- [Data under study]
:::
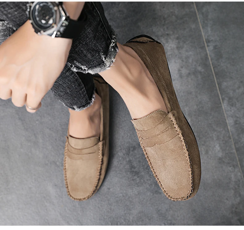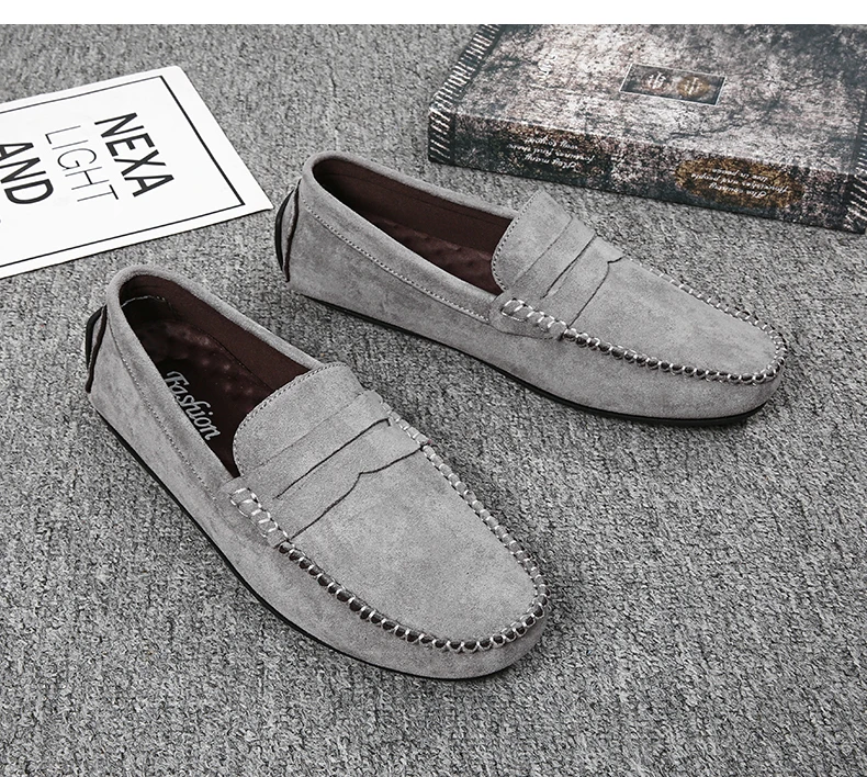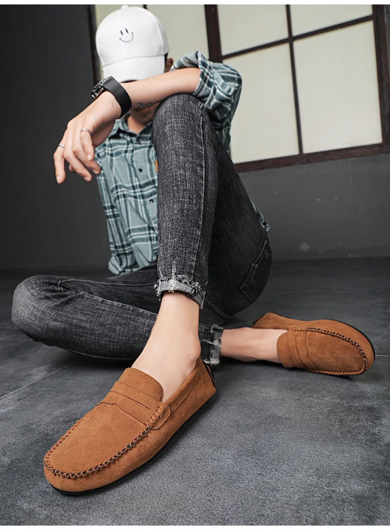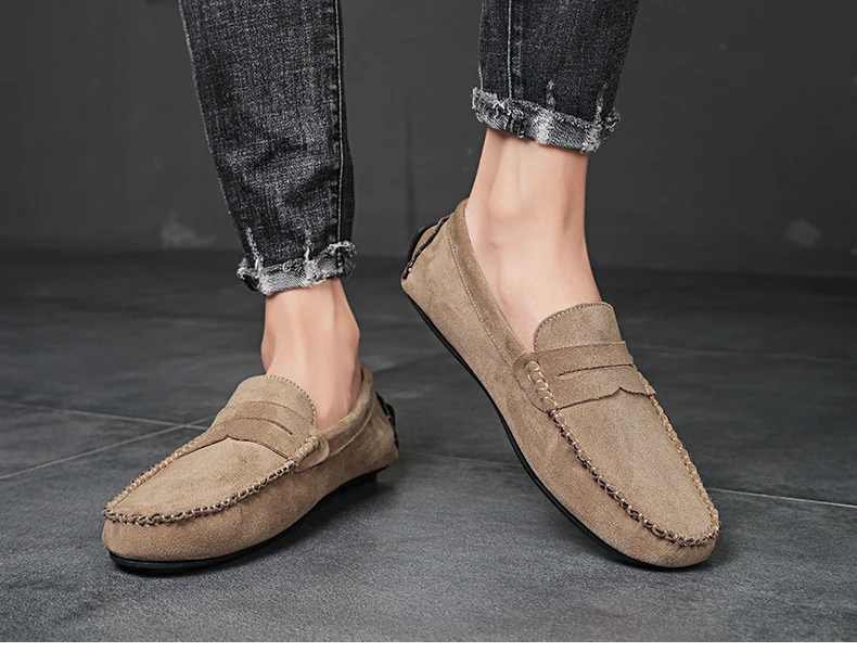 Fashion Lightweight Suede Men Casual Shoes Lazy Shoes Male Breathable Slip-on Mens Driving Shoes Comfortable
:::
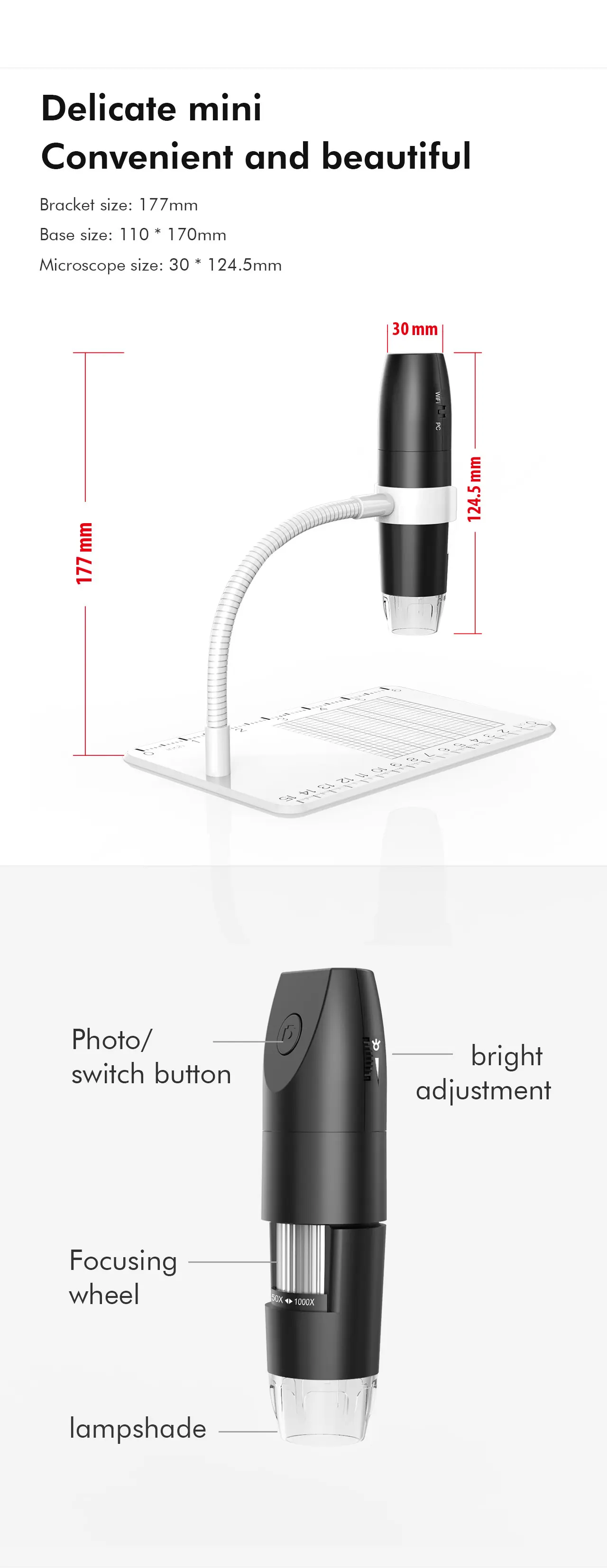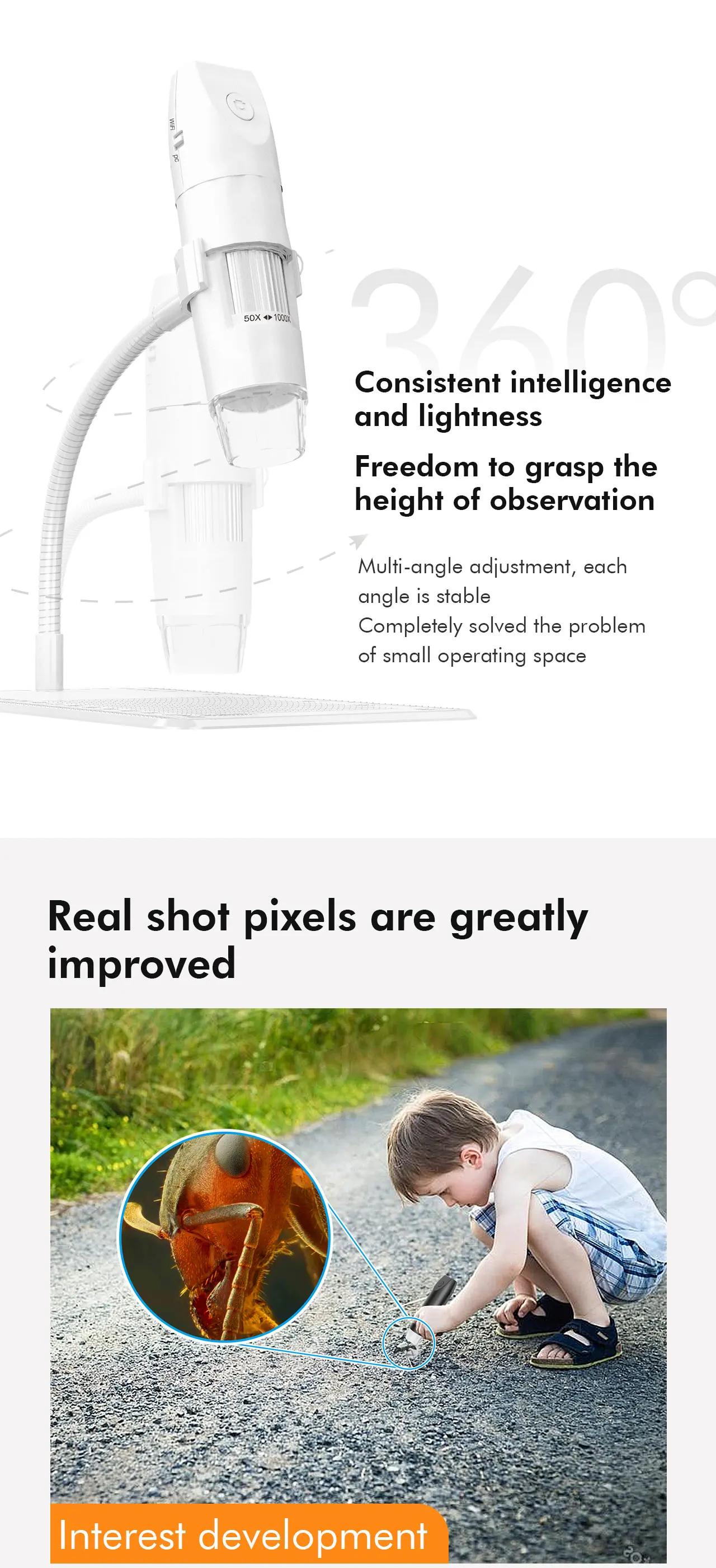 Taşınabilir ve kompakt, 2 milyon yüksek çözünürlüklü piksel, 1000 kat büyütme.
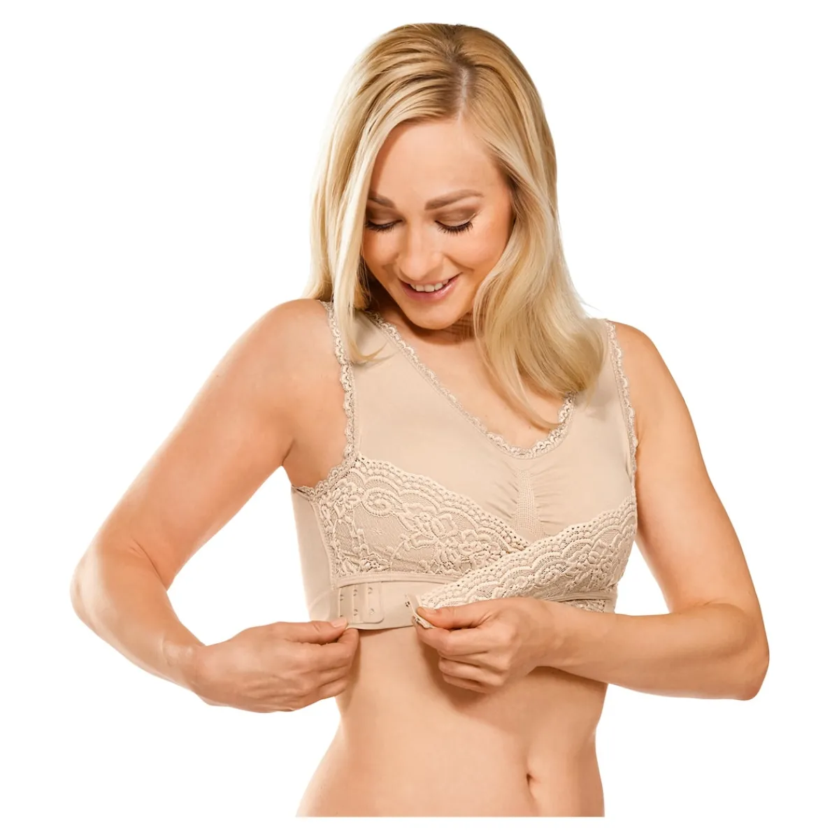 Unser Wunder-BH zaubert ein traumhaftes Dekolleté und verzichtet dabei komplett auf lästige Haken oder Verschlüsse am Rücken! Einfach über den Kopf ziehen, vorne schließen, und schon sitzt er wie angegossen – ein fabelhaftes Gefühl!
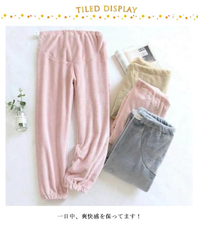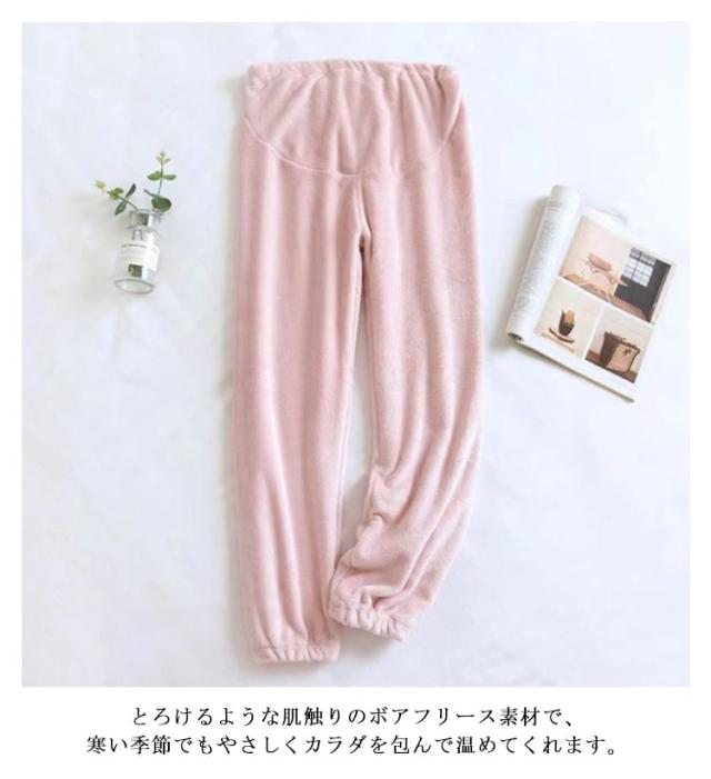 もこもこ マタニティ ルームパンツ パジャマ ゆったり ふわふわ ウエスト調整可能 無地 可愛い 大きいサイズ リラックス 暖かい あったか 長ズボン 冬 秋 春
:::
- [Work request]
Copy needed, without pictures: the lines of the listing above from the line containing "Unser Wunder-BH zaubert" up to and including the line containing "もこもこ マタニティ ルームパンツ", set down exactly.

- [Answer to this task]
 Unser Wunder-BH zaubert ein traumhaftes Dekolleté und verzichtet dabei komplett auf lästige Haken oder Verschlüsse am Rücken! Einfach über den Kopf ziehen, vorne schließen, und schon sitzt er wie angegossen – ein fabelhaftes Gefühl!
 もこもこ マタニティ ルームパンツ パジャマ ゆったり ふわふわ ウエスト調整可能 無地 可愛い 大きいサイズ リラックス 暖かい あったか 長ズボン 冬 秋 春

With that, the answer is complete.